This is philosophically in step with the Lockian proviso, and just closer to natural law in general. A lion, no matter how strong or clever, can’t defend and enforce his rules on a swath of land past a certain point. Humans just came up with these systems due to abstract concepts like property ownership, corporations, countries etc. having no limits.
PS: This guy is onto something. Repealing or relaxing laws benefiting others is exactly the way you get back at them. Tariffs are not.
halfway through reading it and while i like this guys attitude and agree wholeheartedly with what hes saying, if any country does what hes suggesting they'll be sanctioned, have their leaders kidnapped or get nuked... who's gonna go for that? best you can do right now is step quietly and try to build your nations strength for the coming conflict.

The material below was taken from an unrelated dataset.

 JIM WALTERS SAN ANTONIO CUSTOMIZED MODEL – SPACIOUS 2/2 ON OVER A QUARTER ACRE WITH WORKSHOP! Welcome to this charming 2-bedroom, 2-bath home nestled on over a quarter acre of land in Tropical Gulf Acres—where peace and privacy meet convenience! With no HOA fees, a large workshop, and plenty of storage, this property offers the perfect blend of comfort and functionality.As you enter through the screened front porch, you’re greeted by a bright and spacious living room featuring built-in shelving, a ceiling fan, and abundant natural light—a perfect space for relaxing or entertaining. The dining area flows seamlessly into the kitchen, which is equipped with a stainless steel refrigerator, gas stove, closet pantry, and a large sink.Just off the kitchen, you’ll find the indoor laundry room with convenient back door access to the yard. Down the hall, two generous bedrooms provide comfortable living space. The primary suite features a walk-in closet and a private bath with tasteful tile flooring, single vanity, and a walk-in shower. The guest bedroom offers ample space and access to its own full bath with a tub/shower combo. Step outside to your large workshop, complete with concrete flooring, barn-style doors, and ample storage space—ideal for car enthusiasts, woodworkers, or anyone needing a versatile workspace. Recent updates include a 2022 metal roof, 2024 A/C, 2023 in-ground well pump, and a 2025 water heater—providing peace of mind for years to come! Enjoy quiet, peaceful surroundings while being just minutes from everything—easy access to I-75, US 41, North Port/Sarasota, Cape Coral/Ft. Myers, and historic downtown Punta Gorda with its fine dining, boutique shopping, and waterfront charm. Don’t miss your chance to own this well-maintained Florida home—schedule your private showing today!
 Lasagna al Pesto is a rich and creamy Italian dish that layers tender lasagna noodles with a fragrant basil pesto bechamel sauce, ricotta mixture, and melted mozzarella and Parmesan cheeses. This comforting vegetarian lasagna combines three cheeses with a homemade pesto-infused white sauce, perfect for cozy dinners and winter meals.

Unfortunately, all it will take is an appropriate choice of story about "Nazis"/"child predators"/"pirates"/"terrorists"/"Russian bots" sideloading unregulated apps or disabling the GPS trackers on their cars, and every prospective member of Doctorow's great new coalition (including most everyone in attendance when the talk was given) can be peeled away with ease.

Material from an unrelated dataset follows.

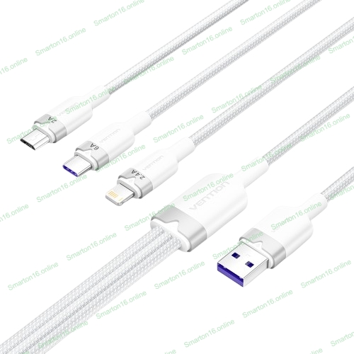 Кабель Vention 3 в 1 USB 2.0 AM/Micro-B, USB-C, Lightning M 1.5м. белый 6A, шт.

Cory's new book is also a pretty cool read, glad I found his work. Shows the enshittification processes big tech went through really well. Also touches on the post-american internet.
Recent incidents with Grok creating sexualized pics is yet another example of "enshittification", IMO. This is also the result of too permissive laws + monopolies, which only erodes trust.
How are those "recent incidents" relevant in any way?
Verbose, meandering and hopeful all spelled out in over 8,000 words. My own conclusion.... the cowardly countries of the world will do nothing to upset the US, they will not even consider uniting as a coalition because they don't trust each other enough. It's a dog eat dog world now.
They will do less to empower their own people. In fact, empowering people seem to be on the bottom of the list for most countries.
If we keep believing hopeful dribble like this, we get nowhere. There was nothing actionable here, no call to arms, no organization, no solutions.
You can't undo 25 years of a well engineered, intertwined logistical nightmare maintain by trillions of dollars and millions of people... by the "possible" action of a single country that may possibly, hopefully, maybe... repeal a thing.
It's this kind of hopeful rhetoric that keeps the current system humming happily and the billionaire class drinking champagne. The world has changed. There is a new world order coalescing and gaining strength. It is the one that entered a sovereign country and stole their oil.
There is a true ruling class emerging and the rest of us that will serve them.
> A post-American Internet that is possible because Trump has mobilized new coalition partners to join the fight on our side.
I'm sorry, was the pre-trump era more pro-privacy or respectful of European's sovereignty? Is Snowden forgotten now? What about the State department cable leaks?
I didn't know people relied on governments being friendly for internet security so much.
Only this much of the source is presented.